◆ Records for the task
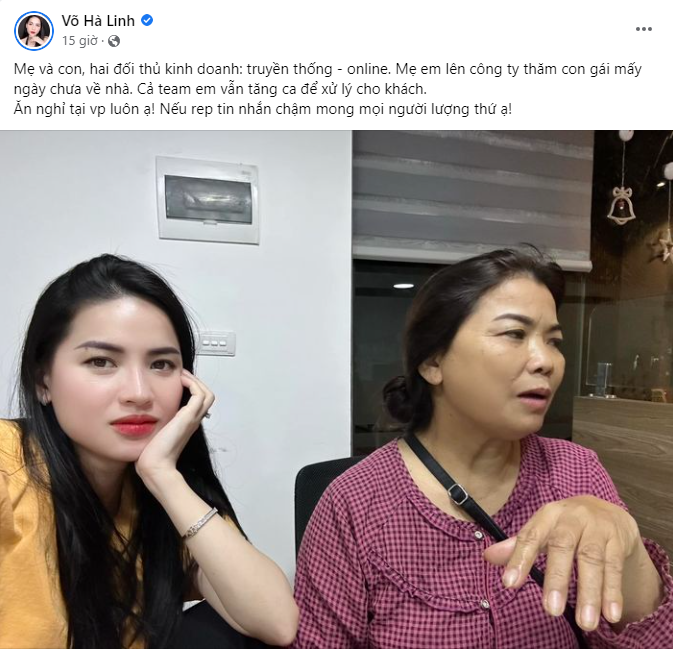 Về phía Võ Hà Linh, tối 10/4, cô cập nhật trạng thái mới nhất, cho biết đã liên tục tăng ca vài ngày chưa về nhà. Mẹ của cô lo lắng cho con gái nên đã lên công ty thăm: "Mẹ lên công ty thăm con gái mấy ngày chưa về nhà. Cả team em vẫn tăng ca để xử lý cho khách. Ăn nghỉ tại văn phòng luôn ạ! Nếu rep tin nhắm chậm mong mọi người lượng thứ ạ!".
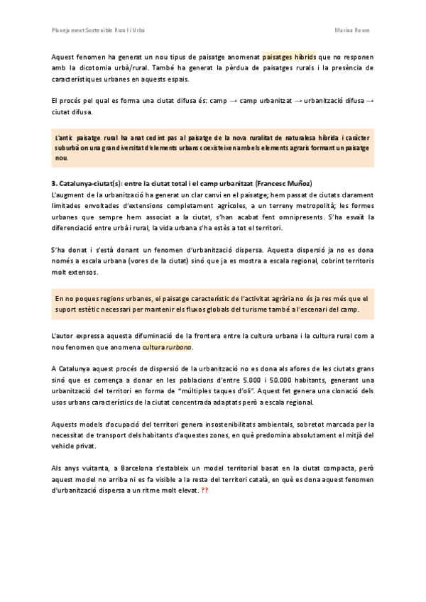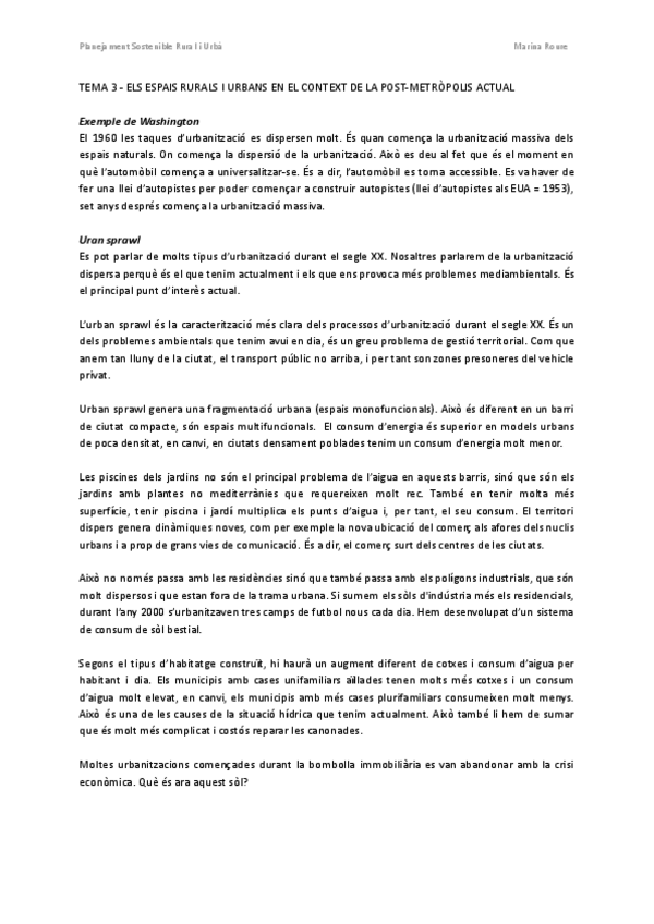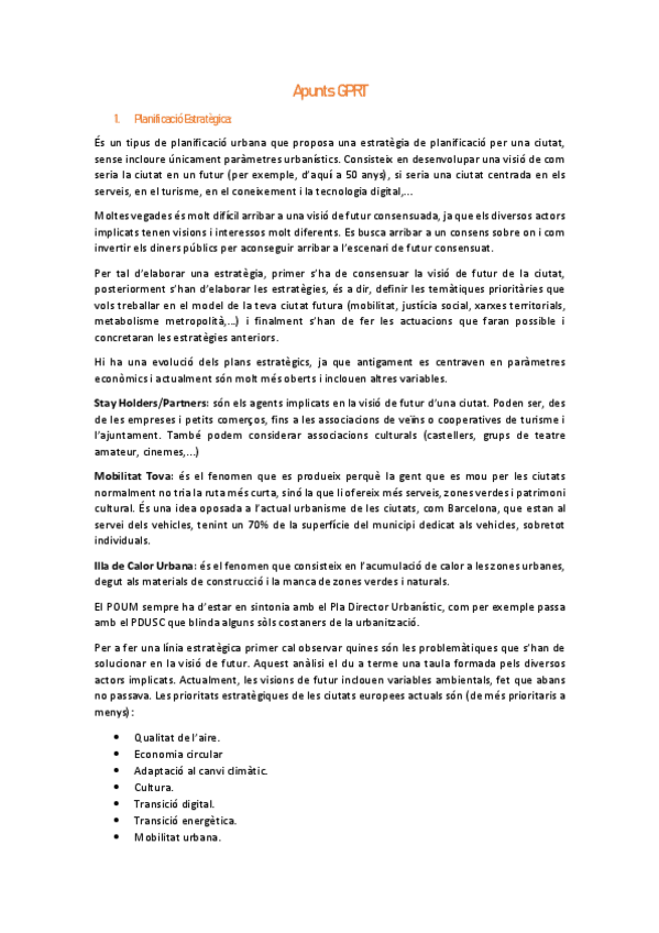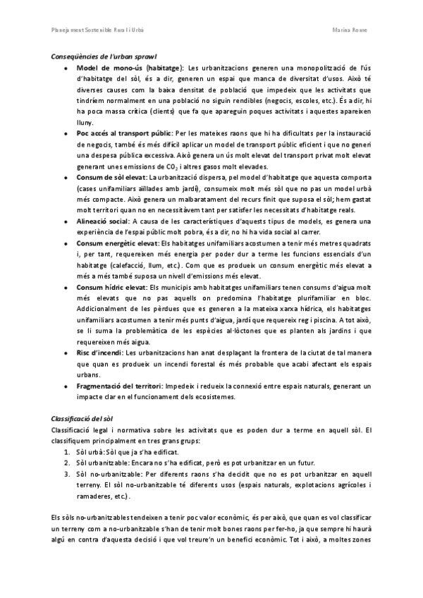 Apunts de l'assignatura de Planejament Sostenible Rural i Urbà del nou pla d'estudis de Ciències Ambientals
==
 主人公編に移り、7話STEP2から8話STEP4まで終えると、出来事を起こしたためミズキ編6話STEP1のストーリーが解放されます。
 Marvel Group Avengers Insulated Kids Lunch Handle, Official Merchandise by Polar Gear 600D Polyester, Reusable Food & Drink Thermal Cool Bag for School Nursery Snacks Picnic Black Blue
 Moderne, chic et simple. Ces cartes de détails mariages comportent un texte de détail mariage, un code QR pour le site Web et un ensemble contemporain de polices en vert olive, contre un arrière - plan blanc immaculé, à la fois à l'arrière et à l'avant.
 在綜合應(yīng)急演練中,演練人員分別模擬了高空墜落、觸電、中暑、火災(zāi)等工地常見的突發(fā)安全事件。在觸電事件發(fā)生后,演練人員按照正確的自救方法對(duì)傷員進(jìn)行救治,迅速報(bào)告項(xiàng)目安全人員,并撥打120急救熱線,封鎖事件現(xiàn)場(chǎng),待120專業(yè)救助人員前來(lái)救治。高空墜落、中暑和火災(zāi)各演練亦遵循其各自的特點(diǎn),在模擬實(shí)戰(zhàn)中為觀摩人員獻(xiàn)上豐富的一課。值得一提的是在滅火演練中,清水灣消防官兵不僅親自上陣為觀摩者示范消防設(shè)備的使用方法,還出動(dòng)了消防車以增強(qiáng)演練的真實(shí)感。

◆ Work instructions
Although pictures appear among the entries, please set down only the lines from the one with "Về phía Võ Hà" up to and including the one with "Apunts de l'assignatura", word for word.

◆ Response area
 Về phía Võ Hà Linh, tối 10/4, cô cập nhật trạng thái mới nhất, cho biết đã liên tục tăng ca vài ngày chưa về nhà. Mẹ của cô lo lắng cho con gái nên đã lên công ty thăm: "Mẹ lên công ty thăm con gái mấy ngày chưa về nhà. Cả team em vẫn tăng ca để xử lý cho khách. Ăn nghỉ tại văn phòng luôn ạ! Nếu rep tin nhắm chậm mong mọi người lượng thứ ạ!".
 Apunts de l'assignatura de Planejament Sostenible Rural i Urbà del nou pla d'estudis de Ciències Ambientals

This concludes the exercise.